The entries below contain pictures, which are to be left out; write out exactly, and only, the lines from the line with "Rose Massage Essential" up to and including the line with "複数のタクシー会社が協力して".

**GIVEN INFORMATION**.

==========

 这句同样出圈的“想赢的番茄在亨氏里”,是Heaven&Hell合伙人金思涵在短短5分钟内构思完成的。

==========

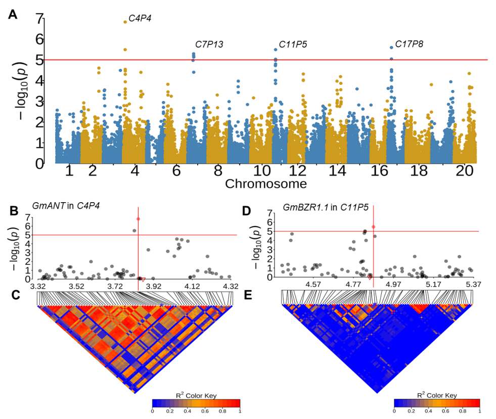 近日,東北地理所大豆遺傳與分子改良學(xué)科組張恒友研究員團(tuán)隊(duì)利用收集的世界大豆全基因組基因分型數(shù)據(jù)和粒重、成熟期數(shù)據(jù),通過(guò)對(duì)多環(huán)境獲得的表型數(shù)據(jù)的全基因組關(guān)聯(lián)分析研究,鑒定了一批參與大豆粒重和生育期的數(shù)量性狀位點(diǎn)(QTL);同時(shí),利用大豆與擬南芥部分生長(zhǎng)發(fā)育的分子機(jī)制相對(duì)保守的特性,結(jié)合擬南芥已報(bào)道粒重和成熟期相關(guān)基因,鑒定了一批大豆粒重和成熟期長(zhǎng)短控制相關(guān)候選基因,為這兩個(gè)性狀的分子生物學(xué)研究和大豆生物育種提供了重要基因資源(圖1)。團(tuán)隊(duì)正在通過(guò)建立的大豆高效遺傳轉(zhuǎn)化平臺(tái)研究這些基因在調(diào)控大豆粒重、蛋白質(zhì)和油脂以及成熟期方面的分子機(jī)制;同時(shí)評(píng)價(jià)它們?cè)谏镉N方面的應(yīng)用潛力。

==========

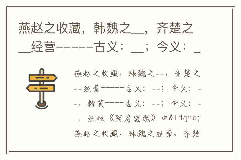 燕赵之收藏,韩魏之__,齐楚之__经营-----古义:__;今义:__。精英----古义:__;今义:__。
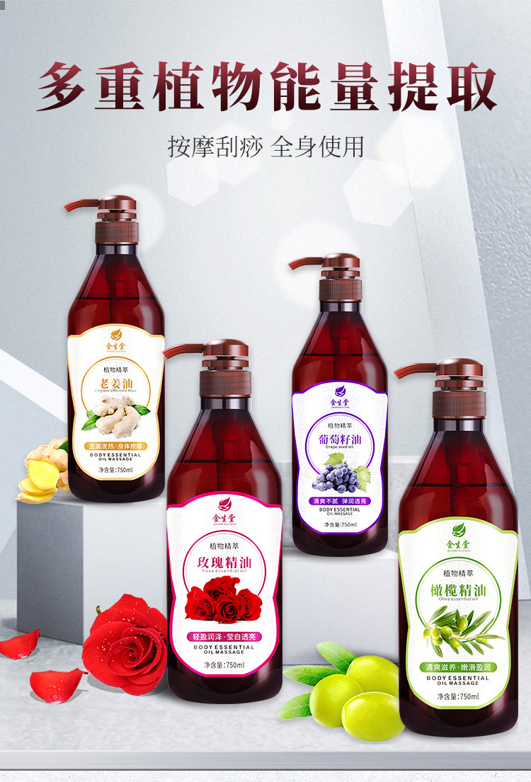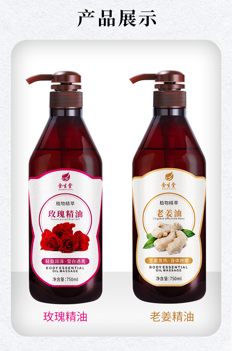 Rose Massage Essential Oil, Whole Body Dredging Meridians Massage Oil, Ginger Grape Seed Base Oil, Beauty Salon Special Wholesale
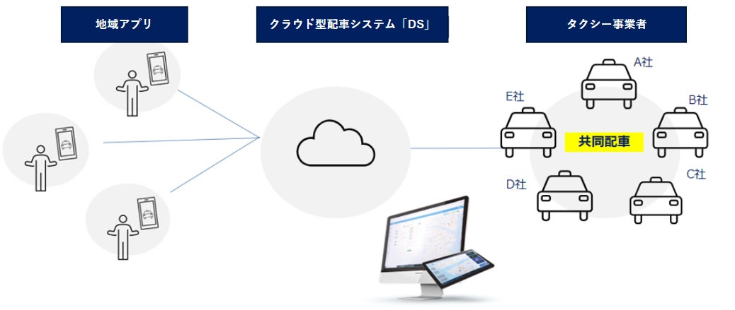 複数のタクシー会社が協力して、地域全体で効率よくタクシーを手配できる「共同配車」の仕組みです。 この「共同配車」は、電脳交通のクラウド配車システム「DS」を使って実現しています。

==========

**SOLUTION FOR THIS TASK**.
 Rose Massage Essential Oil, Whole Body Dredging Meridians Massage Oil, Ginger Grape Seed Base Oil, Beauty Salon Special Wholesale
 複数のタクシー会社が協力して、地域全体で効率よくタクシーを手配できる「共同配車」の仕組みです。 この「共同配車」は、電脳交通のクラウド配車システム「DS」を使って実現しています。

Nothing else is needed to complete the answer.